Tell me now, oh! man, wise in interpretation of dreams and omens, how it chanced that, on a Friday afternoon, turning suddenly out of Great Wattles-street, I should come into sudden and disagreeable collision with an humble individual of unprepossessing exterior, but with an eye that glowed with all the fire of genius? I had dreamed at night that the great idea of my life was to be fulfilled. What was the great idea of my life? I will tell you. With shame or sorrow I will tell you.
My thirst and passion from boyhood (predominating over the love of taws and running neck and neck with my appetite for toffee) has been for poetry — for poetry in its widest and wildest sense — for poetry untrammeled by the laws of sense, rhyme, or rhythm, soaring through the universe, and echoing the music of the spheres! From my youth, nay, from my very cradle, I have yearned for poetry, for beauty, for novelty, for romancement.

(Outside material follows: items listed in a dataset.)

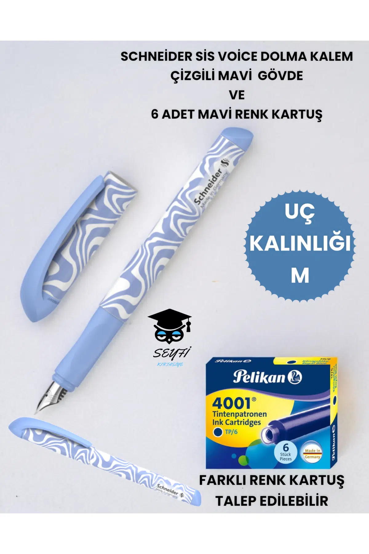 SCHNEİDER VOİCE DOLMA KALEMİ M UÇ VE 6 ADET DOLMA KALEM KARTUŞU YAZI KALINLIĞI M
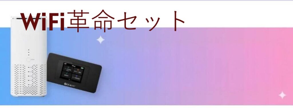 | WiFi革命セット | ホームルーターとモバイルWiFiの2台を1契約で利用可能。 | 家でも外でもギガを気にせずインターネットが楽しめる。 | 自宅だけでなく外出先でもWiFiを使いたいアクティブな方。 | 公式サイト |
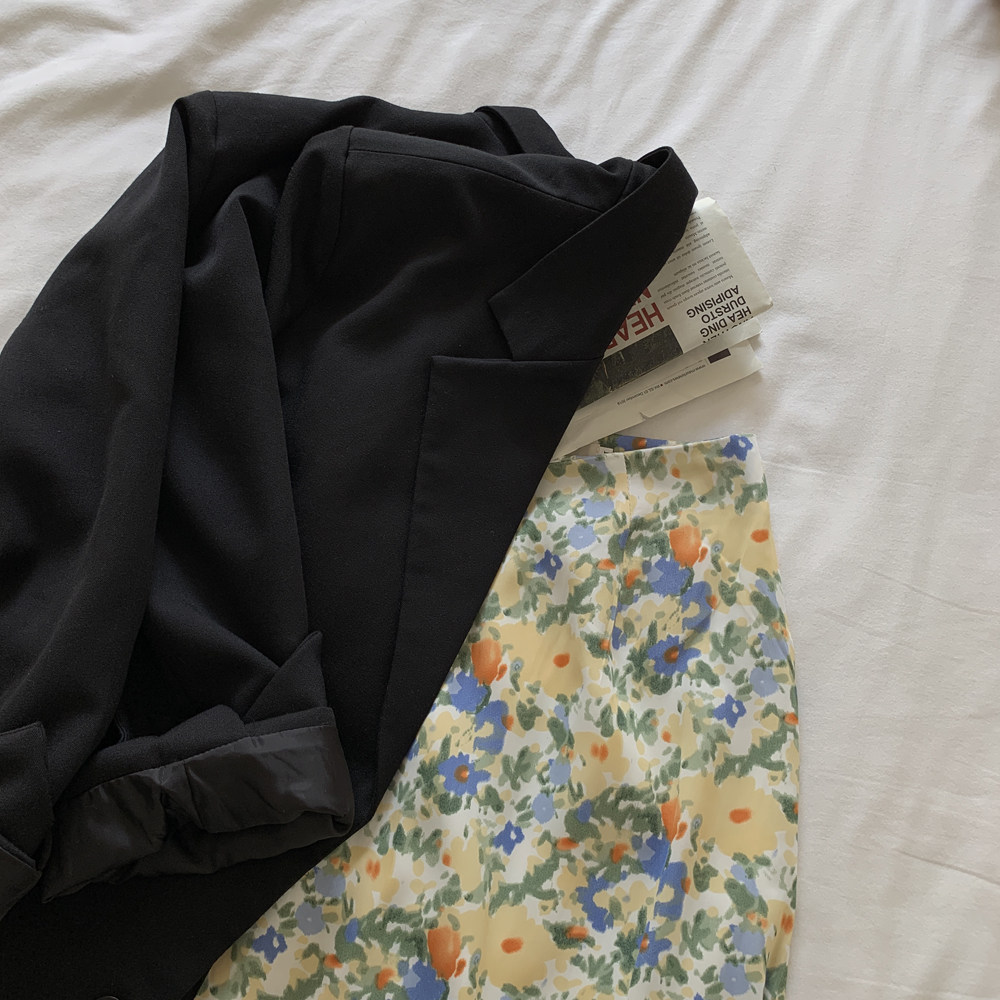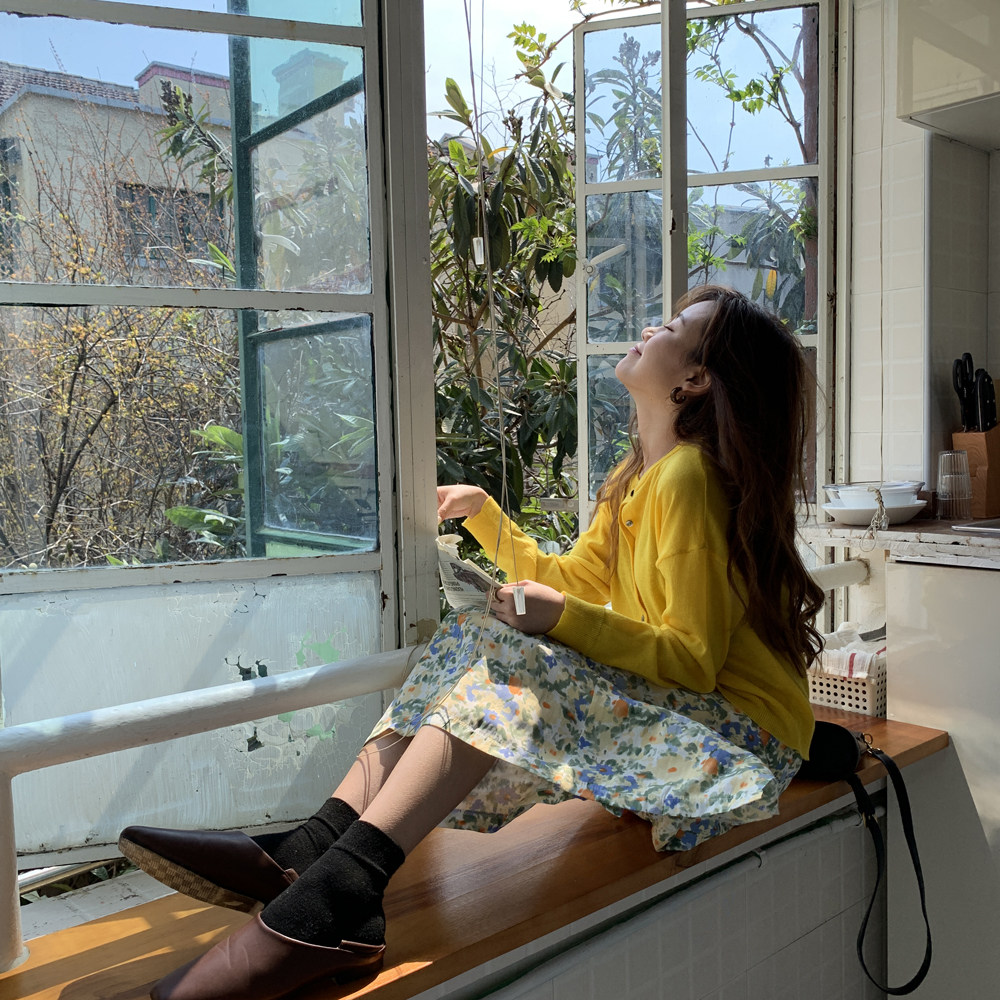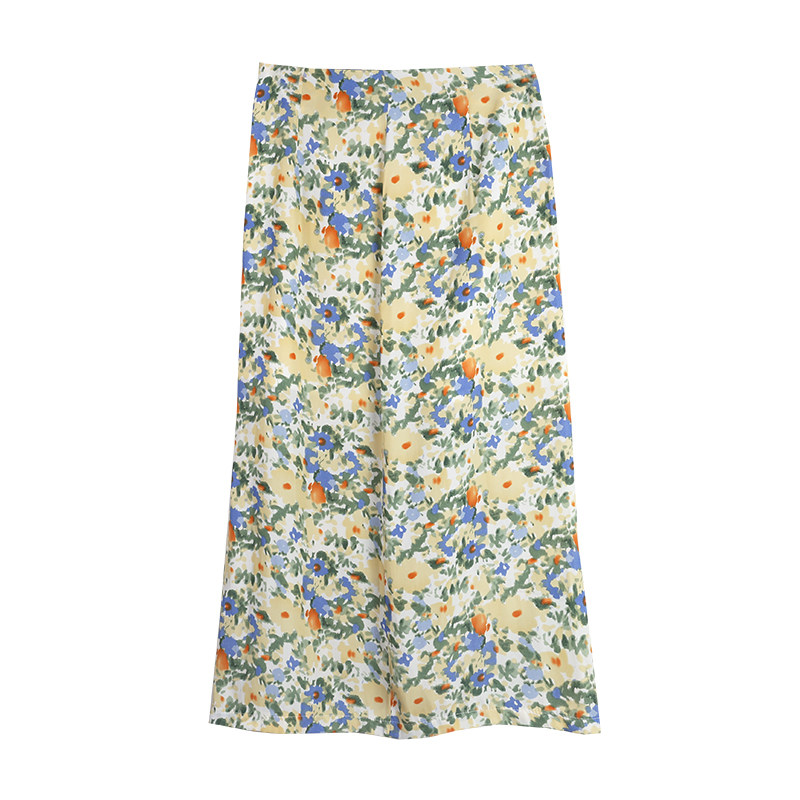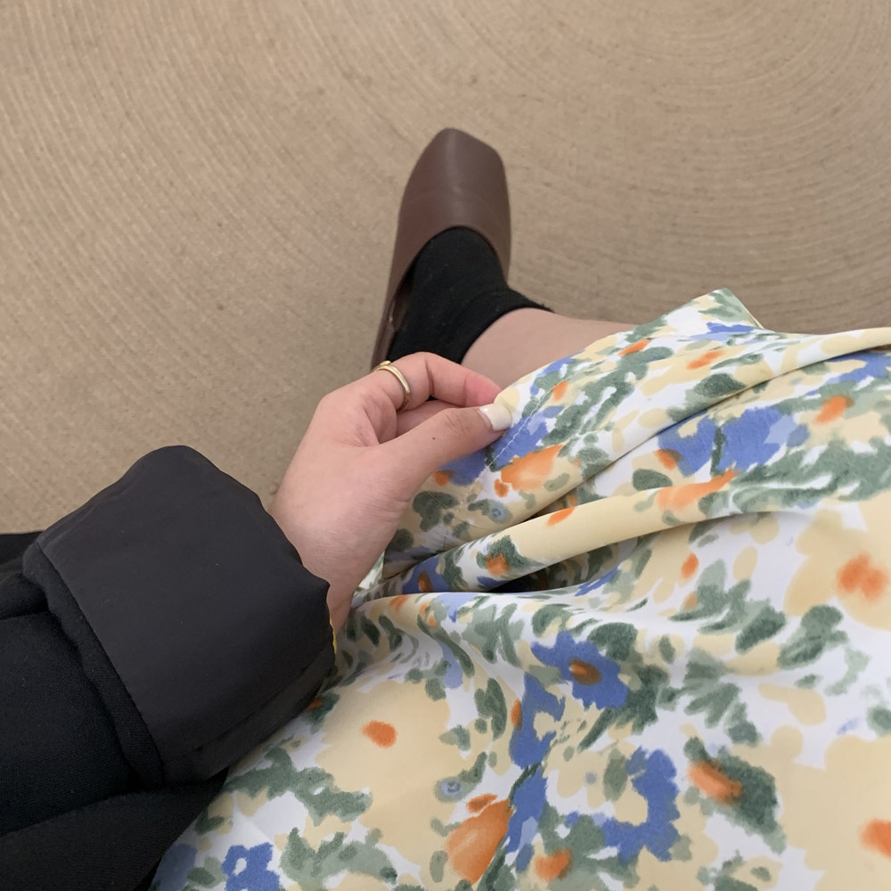 The smallest sea Korean version Yellow high waist new display slim temperament crushed half body dress woman Spring and autumn medium long version of skirt

When I say "yearned", I employ a word mildly expressive of what may be considered as an outline of my feelings in my calmer moments: it is about as capable of picturing the headlong impetuosity of my life-long enthusiasm as those unanatomical paintings which adorn the outside of the Adelphi, representing Flexmore in one of the many conceivable attitudes into which the human frame has never yet been reduced, are of conveying to the speculative pitgoer a true idea of the feats performed by that extraordinary compound of humanity and Indian-rubber.
I have wandered from the point: that is a peculiarity, if I may be permitted to say so, incidental to life; and, as I remarked on an occasion which time will not suffer me more fully to specify, "What, after all, is life?" nor did I find any one of the individuals present (we were a party of nine, including the waiter, and it was while the soup was being removed that the above-recorded observation was made) capable of furnishing me with a rational answer to the question.
The verses which I wrote at an early period of life were eminently distinguished by a perfect freedom from conventionalism, and were thus unsuited to the present exactions of literature: in a future age they will be read and admired, "when Milton," as my venerable uncle has frequently exclaimed, "when Milton and such like are forgot!" Had it not been for this sympathetic relative, I firmly believe that the poetry of my nature would never have come out; I can still recall the feelings which thrilled me when lie offered me sixpence for a rhyme to "despotism". I never succeeded, it is true, in finding the rhyme, but it was on the very next Wednesday that I penned my well known "Sonnet on a Dead Kitten", and in the course of a fortnight had commenced three epics, the titles of which I have unfortunately now forgotten.